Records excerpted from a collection
===

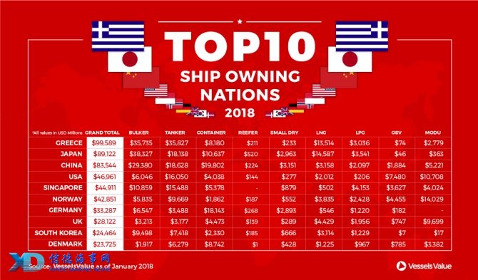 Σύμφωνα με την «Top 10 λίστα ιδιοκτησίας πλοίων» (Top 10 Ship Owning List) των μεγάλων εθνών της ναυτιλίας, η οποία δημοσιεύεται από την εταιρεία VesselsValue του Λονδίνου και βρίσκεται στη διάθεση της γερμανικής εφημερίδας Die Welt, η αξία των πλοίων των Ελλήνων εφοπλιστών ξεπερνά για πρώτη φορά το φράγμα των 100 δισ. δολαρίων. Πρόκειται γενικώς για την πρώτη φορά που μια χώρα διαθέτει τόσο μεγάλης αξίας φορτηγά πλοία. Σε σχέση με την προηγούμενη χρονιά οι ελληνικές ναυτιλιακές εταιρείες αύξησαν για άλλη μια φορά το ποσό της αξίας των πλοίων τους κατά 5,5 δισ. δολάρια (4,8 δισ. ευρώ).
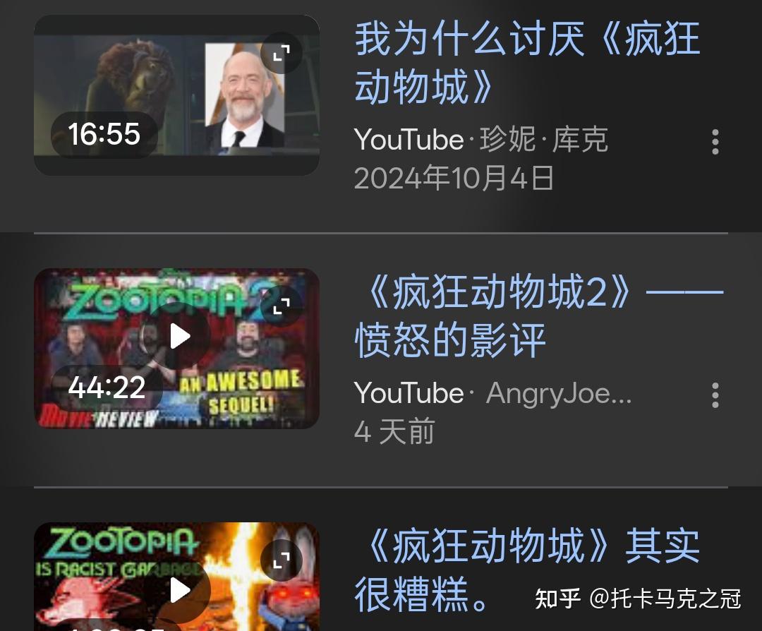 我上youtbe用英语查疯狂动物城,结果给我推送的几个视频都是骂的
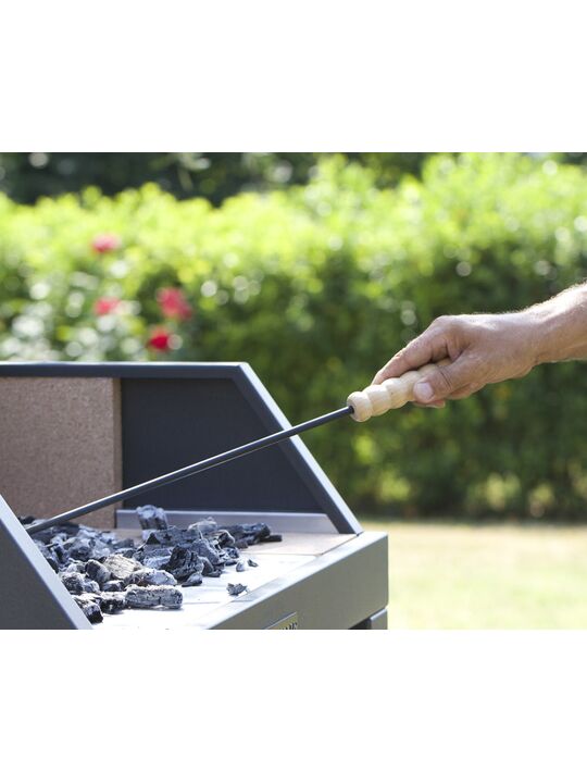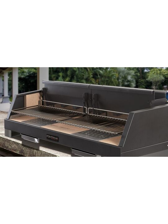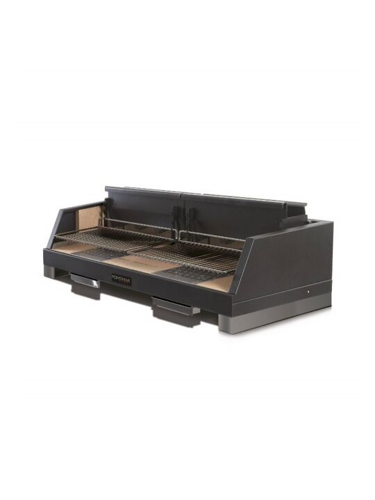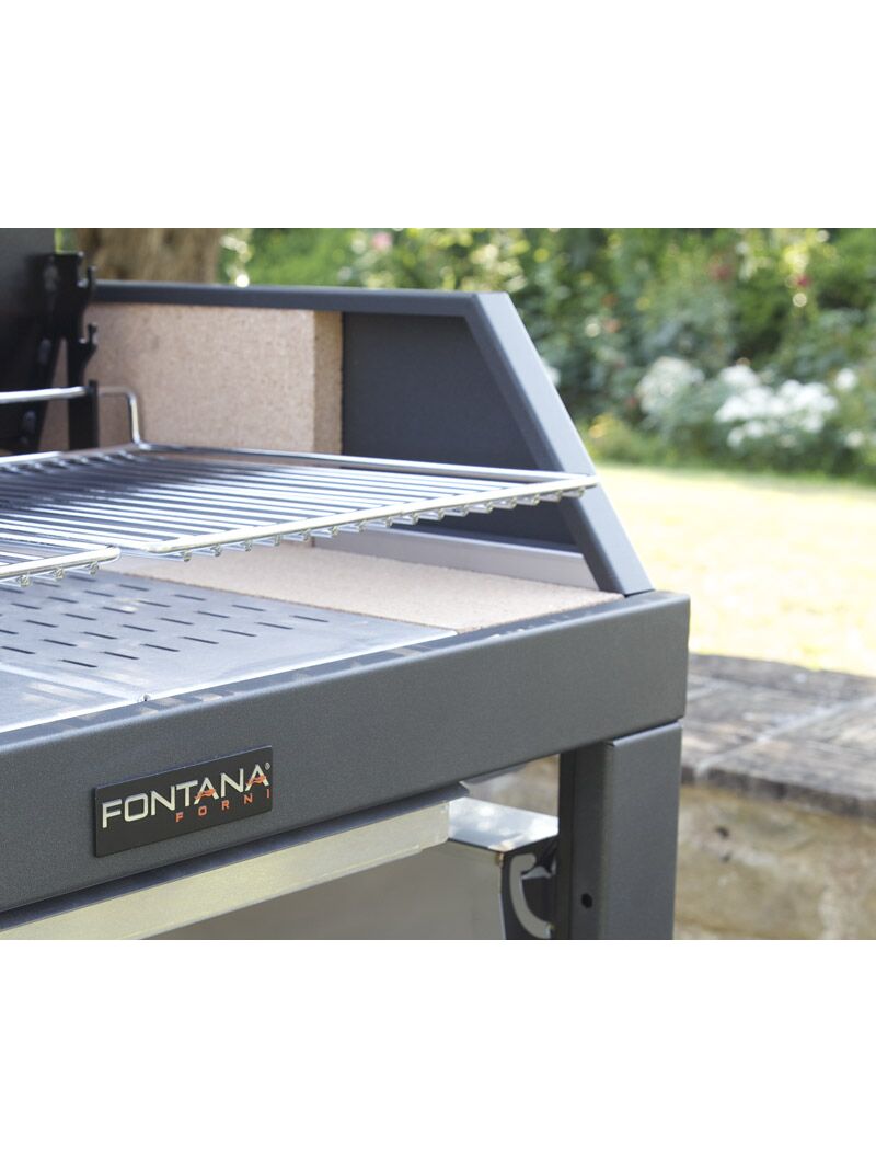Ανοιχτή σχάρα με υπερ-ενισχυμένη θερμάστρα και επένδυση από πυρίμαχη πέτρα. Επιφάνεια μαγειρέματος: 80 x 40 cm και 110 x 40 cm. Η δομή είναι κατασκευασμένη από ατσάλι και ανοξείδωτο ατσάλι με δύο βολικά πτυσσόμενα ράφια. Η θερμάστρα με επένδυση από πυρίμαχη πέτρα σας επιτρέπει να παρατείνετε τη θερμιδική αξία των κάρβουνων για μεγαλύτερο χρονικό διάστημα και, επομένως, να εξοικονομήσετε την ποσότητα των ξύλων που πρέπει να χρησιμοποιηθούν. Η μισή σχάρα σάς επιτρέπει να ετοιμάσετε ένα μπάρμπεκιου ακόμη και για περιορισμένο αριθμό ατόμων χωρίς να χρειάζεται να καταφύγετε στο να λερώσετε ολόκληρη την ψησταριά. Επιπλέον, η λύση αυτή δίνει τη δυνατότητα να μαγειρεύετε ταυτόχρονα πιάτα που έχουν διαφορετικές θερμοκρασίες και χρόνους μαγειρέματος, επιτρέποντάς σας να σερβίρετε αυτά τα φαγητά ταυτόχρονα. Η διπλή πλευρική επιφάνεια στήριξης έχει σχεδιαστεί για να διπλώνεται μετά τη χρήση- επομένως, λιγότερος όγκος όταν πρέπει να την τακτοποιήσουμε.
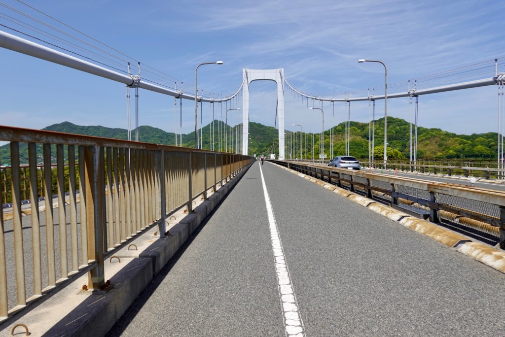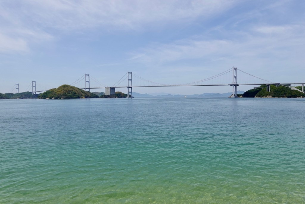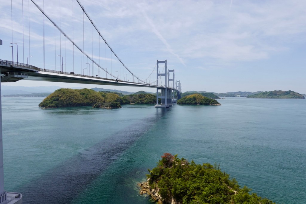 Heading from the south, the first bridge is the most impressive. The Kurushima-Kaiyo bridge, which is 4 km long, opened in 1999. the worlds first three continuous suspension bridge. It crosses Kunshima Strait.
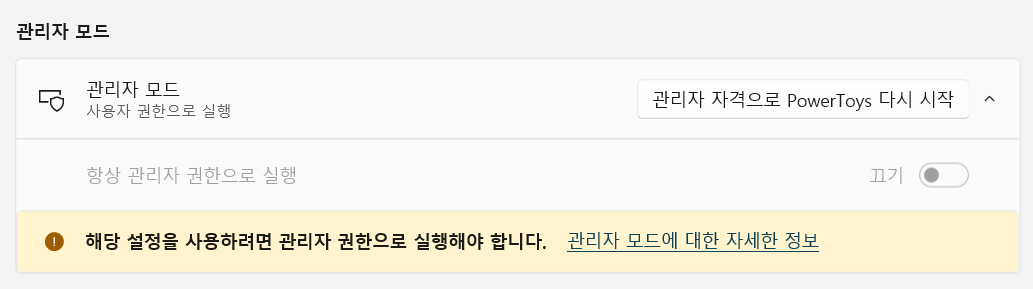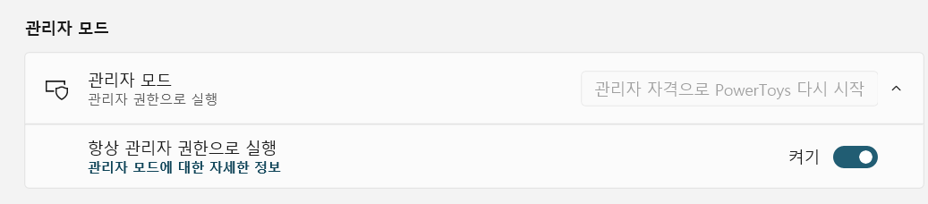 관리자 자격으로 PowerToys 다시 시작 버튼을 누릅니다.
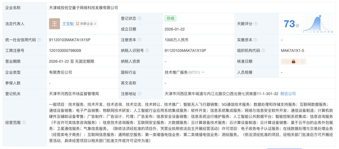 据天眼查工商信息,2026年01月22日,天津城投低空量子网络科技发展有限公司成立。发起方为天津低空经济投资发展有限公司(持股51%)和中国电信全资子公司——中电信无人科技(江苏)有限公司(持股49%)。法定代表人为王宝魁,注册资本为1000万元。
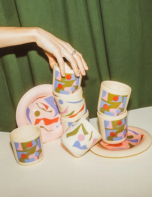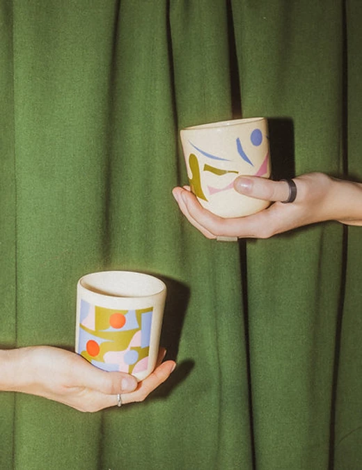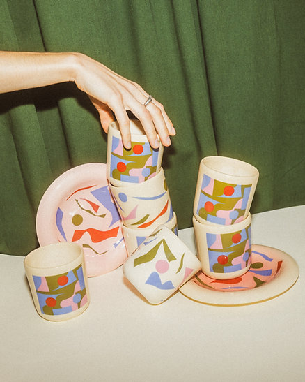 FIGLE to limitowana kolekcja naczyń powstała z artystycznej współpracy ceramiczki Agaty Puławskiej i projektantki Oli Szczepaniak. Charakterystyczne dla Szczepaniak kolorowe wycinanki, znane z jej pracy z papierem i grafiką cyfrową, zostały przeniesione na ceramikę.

===

◆ Assigned task ◆
Leave the images out and give the rest of the data again exactly.

◆ Answer for the task ◆
 Σύμφωνα με την «Top 10 λίστα ιδιοκτησίας πλοίων» (Top 10 Ship Owning List) των μεγάλων εθνών της ναυτιλίας, η οποία δημοσιεύεται από την εταιρεία VesselsValue του Λονδίνου και βρίσκεται στη διάθεση της γερμανικής εφημερίδας Die Welt, η αξία των πλοίων των Ελλήνων εφοπλιστών ξεπερνά για πρώτη φορά το φράγμα των 100 δισ. δολαρίων. Πρόκειται γενικώς για την πρώτη φορά που μια χώρα διαθέτει τόσο μεγάλης αξίας φορτηγά πλοία. Σε σχέση με την προηγούμενη χρονιά οι ελληνικές ναυτιλιακές εταιρείες αύξησαν για άλλη μια φορά το ποσό της αξίας των πλοίων τους κατά 5,5 δισ. δολάρια (4,8 δισ. ευρώ).
 我上youtbe用英语查疯狂动物城,结果给我推送的几个视频都是骂的
Ανοιχτή σχάρα με υπερ-ενισχυμένη θερμάστρα και επένδυση από πυρίμαχη πέτρα. Επιφάνεια μαγειρέματος: 80 x 40 cm και 110 x 40 cm. Η δομή είναι κατασκευασμένη από ατσάλι και ανοξείδωτο ατσάλι με δύο βολικά πτυσσόμενα ράφια. Η θερμάστρα με επένδυση από πυρίμαχη πέτρα σας επιτρέπει να παρατείνετε τη θερμιδική αξία των κάρβουνων για μεγαλύτερο χρονικό διάστημα και, επομένως, να εξοικονομήσετε την ποσότητα των ξύλων που πρέπει να χρησιμοποιηθούν. Η μισή σχάρα σάς επιτρέπει να ετοιμάσετε ένα μπάρμπεκιου ακόμη και για περιορισμένο αριθμό ατόμων χωρίς να χρειάζεται να καταφύγετε στο να λερώσετε ολόκληρη την ψησταριά. Επιπλέον, η λύση αυτή δίνει τη δυνατότητα να μαγειρεύετε ταυτόχρονα πιάτα που έχουν διαφορετικές θερμοκρασίες και χρόνους μαγειρέματος, επιτρέποντάς σας να σερβίρετε αυτά τα φαγητά ταυτόχρονα. Η διπλή πλευρική επιφάνεια στήριξης έχει σχεδιαστεί για να διπλώνεται μετά τη χρήση- επομένως, λιγότερος όγκος όταν πρέπει να την τακτοποιήσουμε.
 Heading from the south, the first bridge is the most impressive. The Kurushima-Kaiyo bridge, which is 4 km long, opened in 1999. the worlds first three continuous suspension bridge. It crosses Kunshima Strait.
 관리자 자격으로 PowerToys 다시 시작 버튼을 누릅니다.
 据天眼查工商信息,2026年01月22日,天津城投低空量子网络科技发展有限公司成立。发起方为天津低空经济投资发展有限公司(持股51%)和中国电信全资子公司——中电信无人科技(江苏)有限公司(持股49%)。法定代表人为王宝魁,注册资本为1000万元。
 FIGLE to limitowana kolekcja naczyń powstała z artystycznej współpracy ceramiczki Agaty Puławskiej i projektantki Oli Szczepaniak. Charakterystyczne dla Szczepaniak kolorowe wycinanki, znane z jej pracy z papierem i grafiką cyfrową, zostały przeniesione na ceramikę.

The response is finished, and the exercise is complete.